**Work instructions:**
Write out the listing below without alteration, omitting its pictures.

━━ Records to use

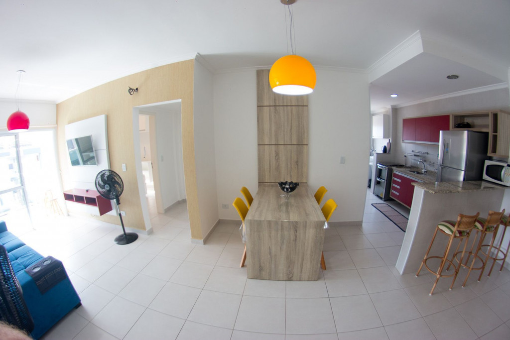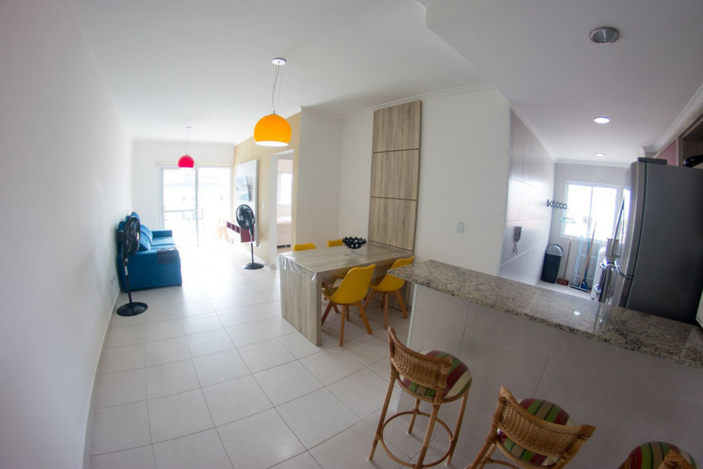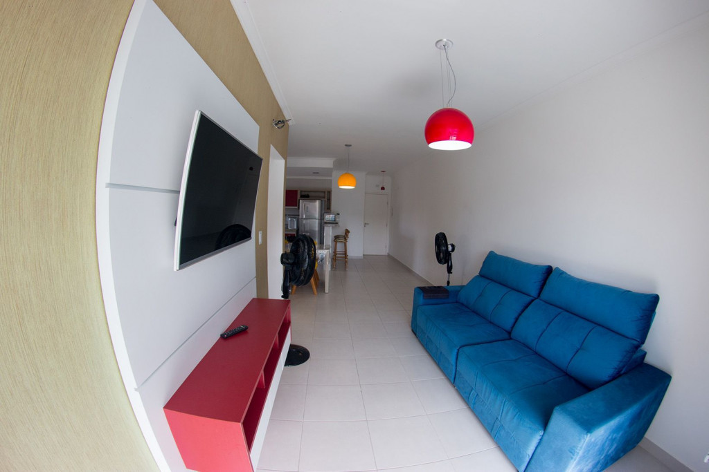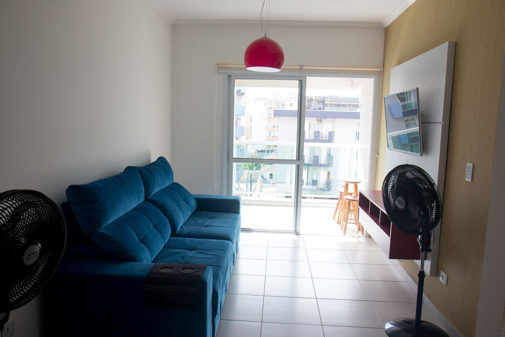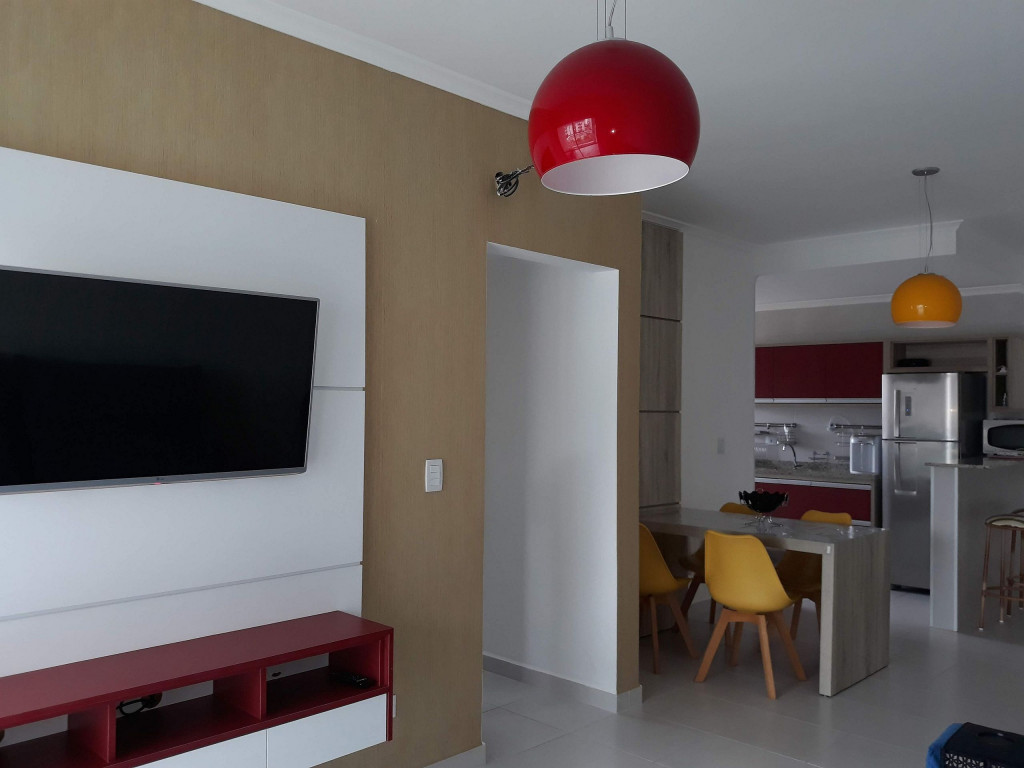 02 dormitórios com ar condicionado02 banheiros (sendo 01 na suíte)Sala com televisor 42’’Churrasqueira na sacadaSacada frente para rua / Vista lateral para praiaComprimento da vaga 9,30mts para os 2 veículos, considere o engate, caso tenha.
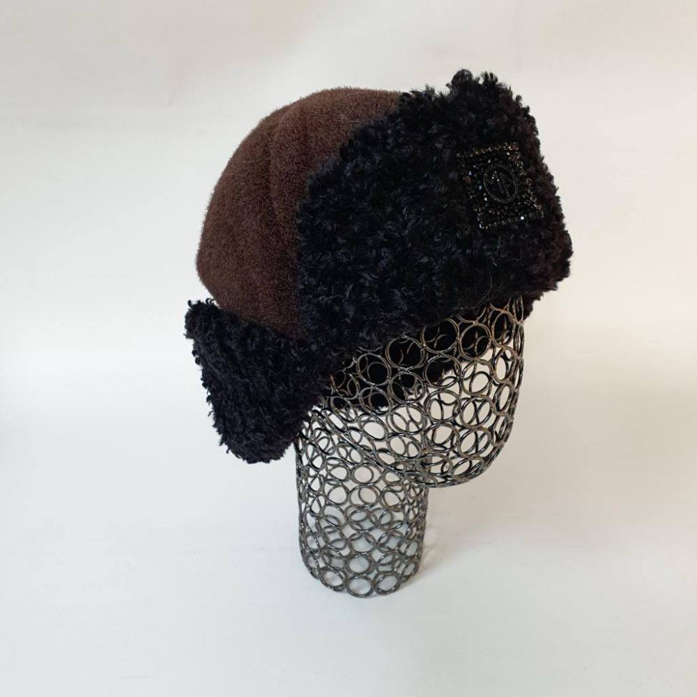 Мини-ушанка женская с короткими ушками на кнопках «Комби»
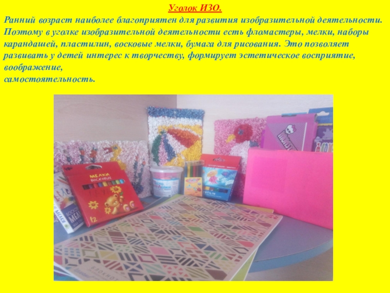 уголке изобразительной деятельности есть фломастеры, мелки, наборы
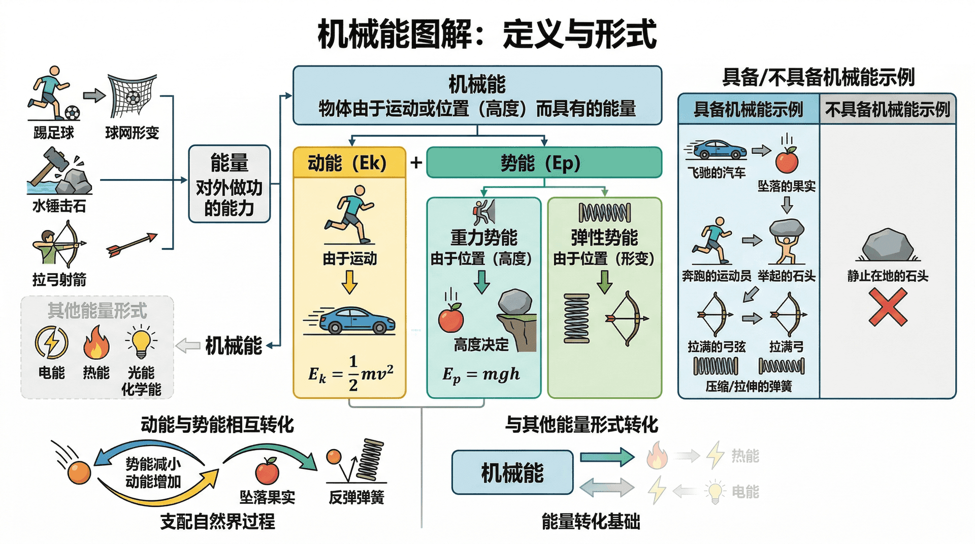 换句话说,只要物体在运动,或者物体处于较高或较低的位置,它就可能具有机械能。例如,静止在地上的石头不具备机械能,但被举到半空后就具有了。奔跑中的运动员、飞驰的汽车、坠落的果实、攀登的登山者、压缩或拉伸的弹簧,都是机械能的具体范例。机械能为日常生活和工程实践提供了巨大的作用基础。它既能转化为其他形式的能量,也可以在动能与势能之间相互转化,支配了自然界和技术世界中大量基本过程。
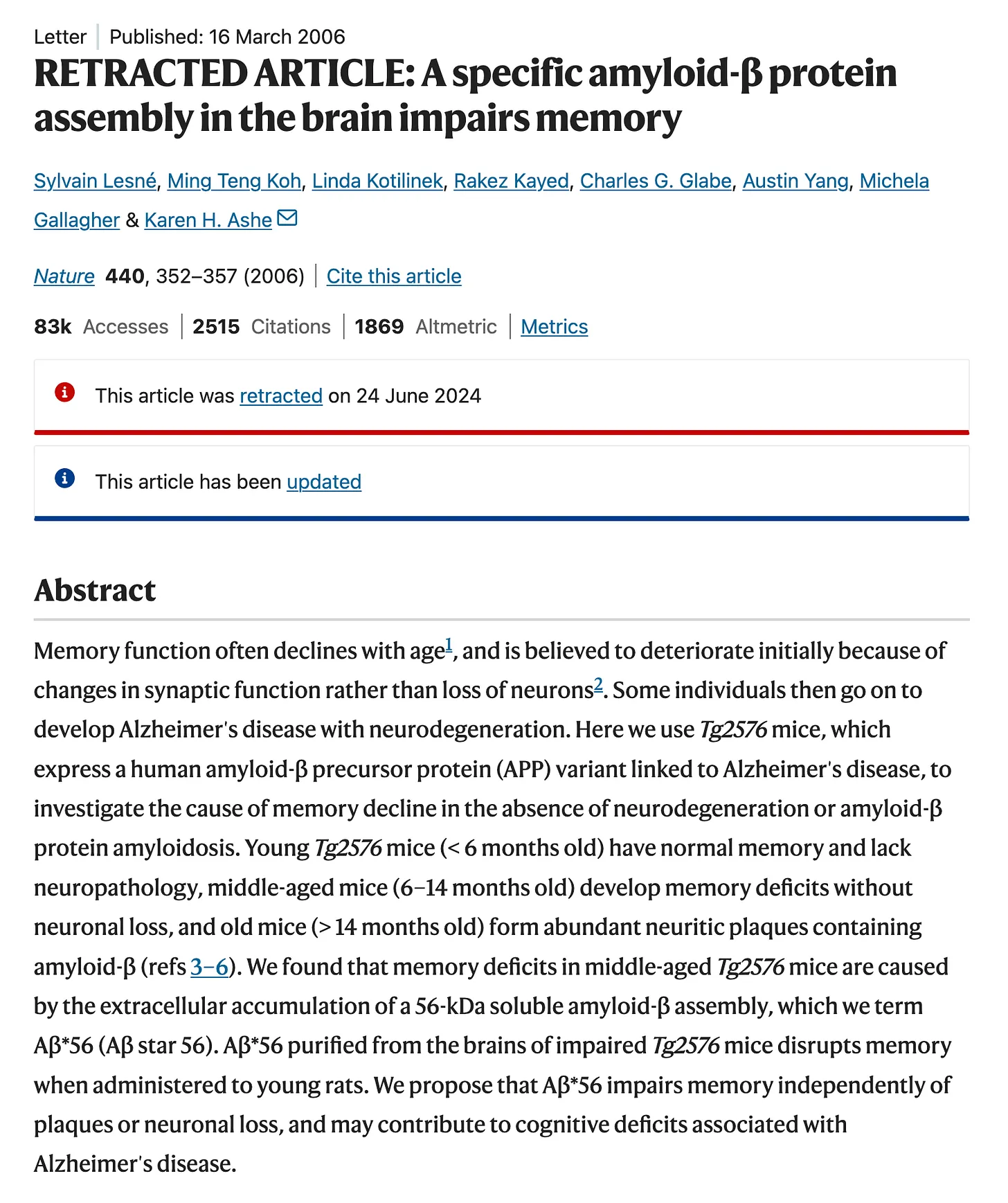 Ein Artikel in Nature verkündete, dass sie den entscheidenden Beweis gefunden hätten. Er wurde zu einer der meistzitierten Alzheimer-Studien aller Zeiten. Die Autoren wurden zu Stars. Die Pharmaindustrie investierte erneut Milliarden in die Suche nach einem neuen chemischen Bösewicht.
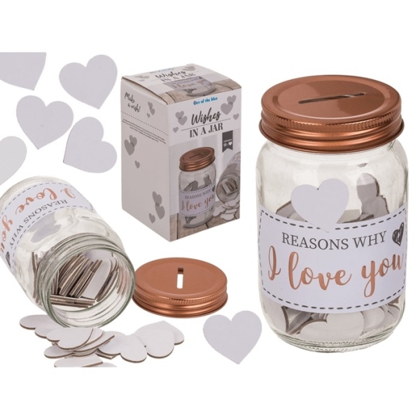 Dóza s nápisem Důvody, proč Tě miluji, je naplněna 50 prázdnými papírovými srdíčky, na která můžete napsat vlastní
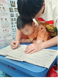 图为小朋友们主动向志愿者老师们求助数学题。(廖垣樯 摄)

━━━━

**Completed exercise:**
 02 dormitórios com ar condicionado02 banheiros (sendo 01 na suíte)Sala com televisor 42’’Churrasqueira na sacadaSacada frente para rua / Vista lateral para praiaComprimento da vaga 9,30mts para os 2 veículos, considere o engate, caso tenha.
 Мини-ушанка женская с короткими ушками на кнопках «Комби»
 уголке изобразительной деятельности есть фломастеры, мелки, наборы
 换句话说,只要物体在运动,或者物体处于较高或较低的位置,它就可能具有机械能。例如,静止在地上的石头不具备机械能,但被举到半空后就具有了。奔跑中的运动员、飞驰的汽车、坠落的果实、攀登的登山者、压缩或拉伸的弹簧,都是机械能的具体范例。机械能为日常生活和工程实践提供了巨大的作用基础。它既能转化为其他形式的能量,也可以在动能与势能之间相互转化,支配了自然界和技术世界中大量基本过程。
 Ein Artikel in Nature verkündete, dass sie den entscheidenden Beweis gefunden hätten. Er wurde zu einer der meistzitierten Alzheimer-Studien aller Zeiten. Die Autoren wurden zu Stars. Die Pharmaindustrie investierte erneut Milliarden in die Suche nach einem neuen chemischen Bösewicht.
 Dóza s nápisem Důvody, proč Tě miluji, je naplněna 50 prázdnými papírovými srdíčky, na která můžete napsat vlastní
 图为小朋友们主动向志愿者老师们求助数学题。(廖垣樯 摄)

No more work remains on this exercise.